Last night we had a long conversation about bad dreams which may have been his first roundabout way of knocking on the door.

But I have the easy job - looking after my boys. Nancy has to be there for her dad who doesn't recognize her or even know who she is.

Needless to say, running is on indefinite hold. I can do some weights or yoga workouts at home, or even the bike trainer after Dylan goes to bed, but it's just not that important right now.

Here's what is.

Last night I stood and watched Dylan sleeping in his crib. Then I lay down with Gavin and put my arm round him. He snuggled up to me and fell asleep.

And I was very grateful for them both.

Sunday, August 1, 2010

Attack of the Killer Ants

It's been a quiet week on the running front. I didn't run at all early in the week, partly due to thunder and lightning and partly due to the fact that running all night messes up your sleep schedule (in other words, I decided to sleep in)!!!

Though I did manage a few miles at Walnut Creek on Thursday and felt pretty good.

Yesterday morning I did a nice hilly 13 miles with Clea. We set a good pace (considering the humidity), and I was certainly puffing a bit by the end (thankfully she confessed this morning that she was feeling it too)!!! Because we started so early, I was able to get home early to mow the grass before it got too hot (our first 100F+ weekend).

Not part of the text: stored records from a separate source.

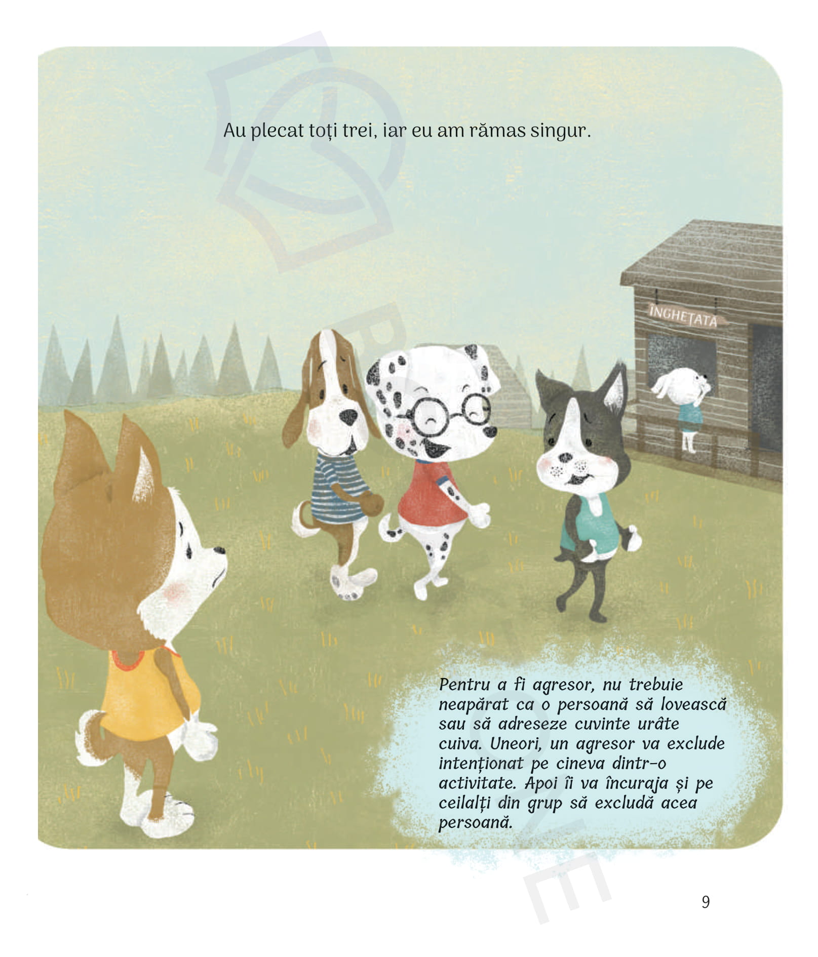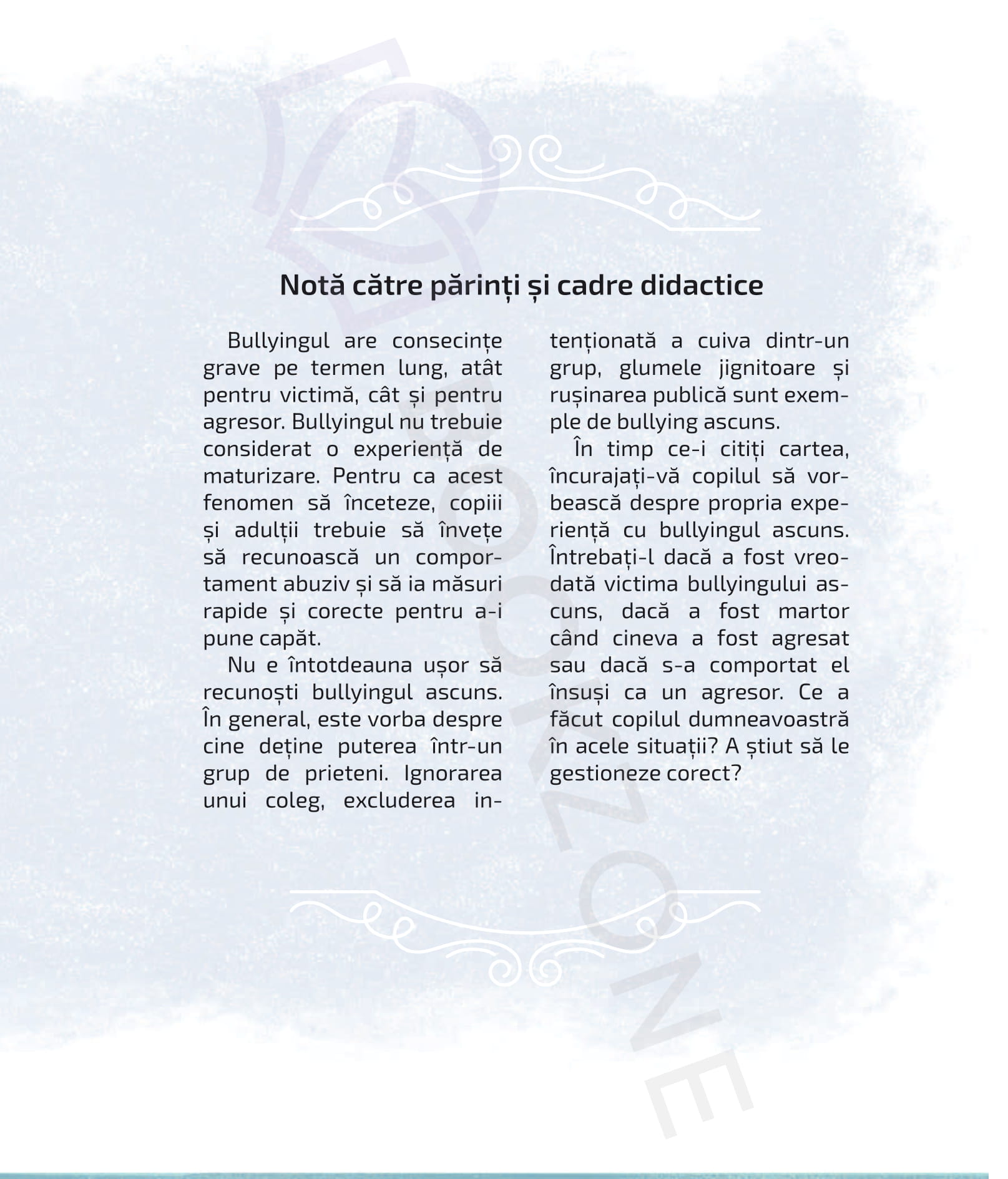 Dacă ai fost vreodată victima bullyingului, nu ai uitat acele momente niciodată. Ți s-a spus că ești prea mare, prea mic sau urât. Știi că ești vulnerabil, iar cineva este pregătit să profite de slăbiciunile tale. Cu siguranță nu îți dorești să experimenteze și copiii tăi aceste sentimente. Comandă povestea ilustrată și ajută-i pe cei mici să recunoască bullyingul!
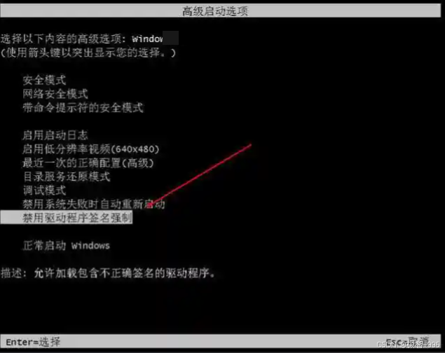 (2)选择禁用驱动签名强制:
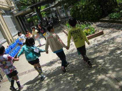 25日(木)に学校探検をしました。1年生の手をひいて,学校中を案内します。当日にむけて,学校中の教室に案内ポスターを掲示したり,説明の仕方を考えたりしました。1年生の頃よりもお兄さん・お姉さんになった2年生のみんなは,はりきって学校案内をしてくれました。
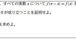 5cb876a327caa5175e989df101426a20いかがでしたでしょうか。これらの問題も大学入試ではわりと見かけるので,この前の点対称性を利用した定積分とともに基本パターンとして理解しておくとよいと思います。参考書等を見てもよく載ってはいるのですが,分類がうまくなされていないので,線対称性を利用したものとして,偶関数の定積分の延長上のものと理解しておくとよいと思います。1題類題を付けておきます。ではまた。
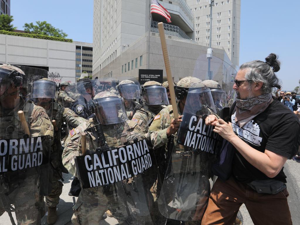 2025年6月8日,在美國(guó)加利福尼亞州洛杉磯市中心的聯(lián)邦執(zhí)法機(jī)構(gòu)門(mén)前,抗議者與國(guó)民警衛(wèi)隊(duì)人員發(fā)生沖突。新華社發(fā)(邱晨攝)
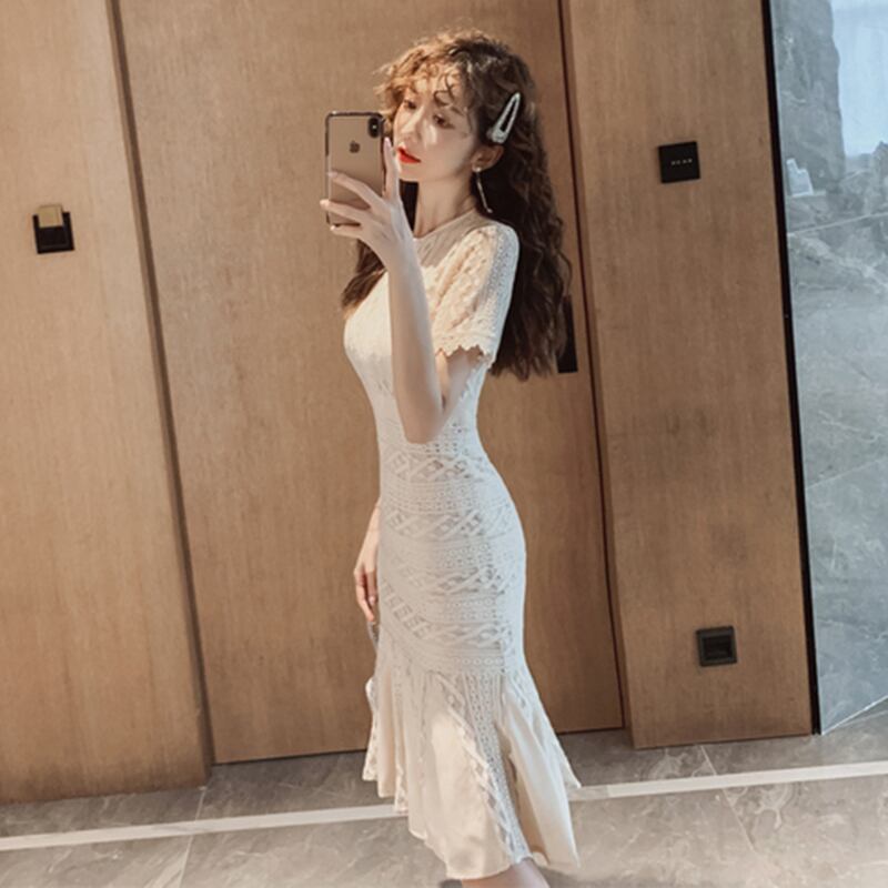 メッシュレースが上品なマーメイドワンピースドレスです。
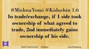 #MishnaYomi #Kiddushin 1:6 In trade/exchange, if 1 side took ownership of what agreed to trade, 2nd immediately gains ownership of his side.
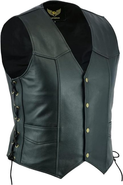 Leatherick London Black Leather Jacket with Laces, Size M (REF: CSSplit).
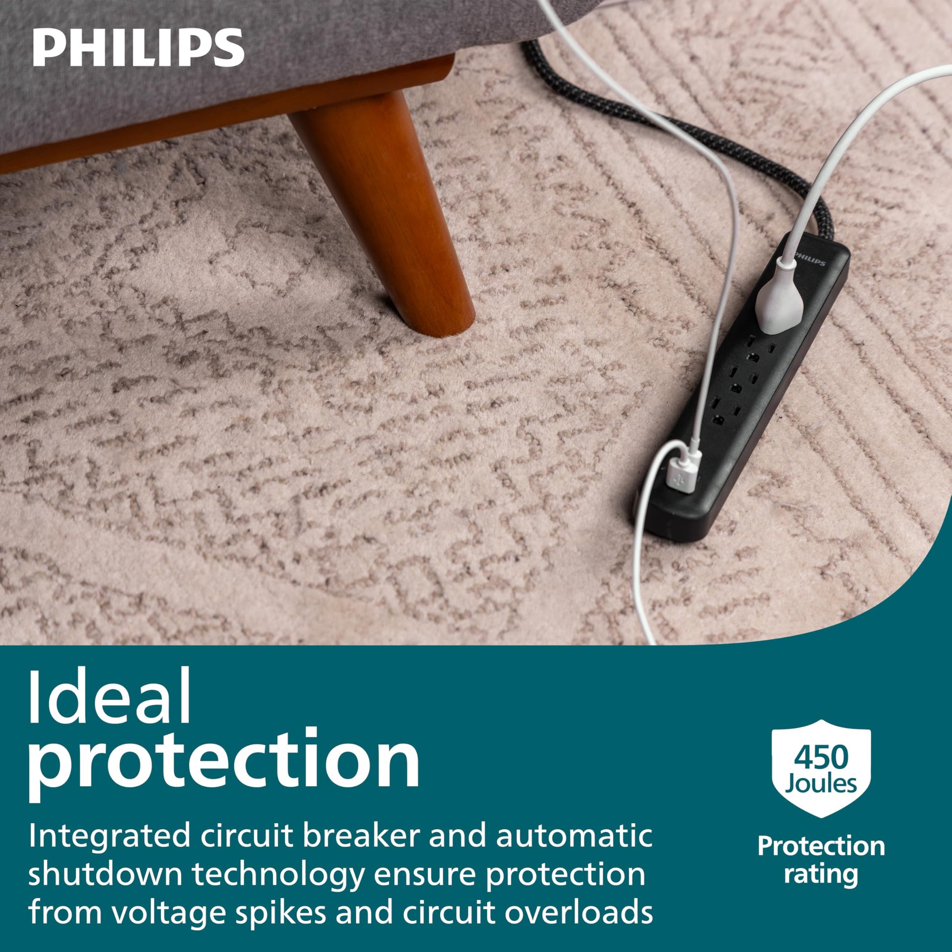 Philips Power Strip Surge Protector With Braided Cord

And that's where things got a bit interesting. I didn't notice a huge ants nest until I was right on top of it, and there were a swarm of ants crawling up my legs and biting the crap out of me. Have I mentioned that I am very allergic to ant bites? I jumped about, tried to slap them off and ended up running into the house and straight into the shower - I swear I must have looked like Charlie Chaplin with all my antics.

Kudos to Nancy for finishing the grass cutting for me.

This morning my ankles and legs were covered in bites and they're super swollen. I ran 8 miles without any problems, but had to tape my ankles before I left the house - they were rubbing so much against my shoes they would have become a problem otherwise.

Let's just say I will never be a big fan of ants. Despite Pixar's best efforts, I am definitely in the corner of the grasshoppers!!!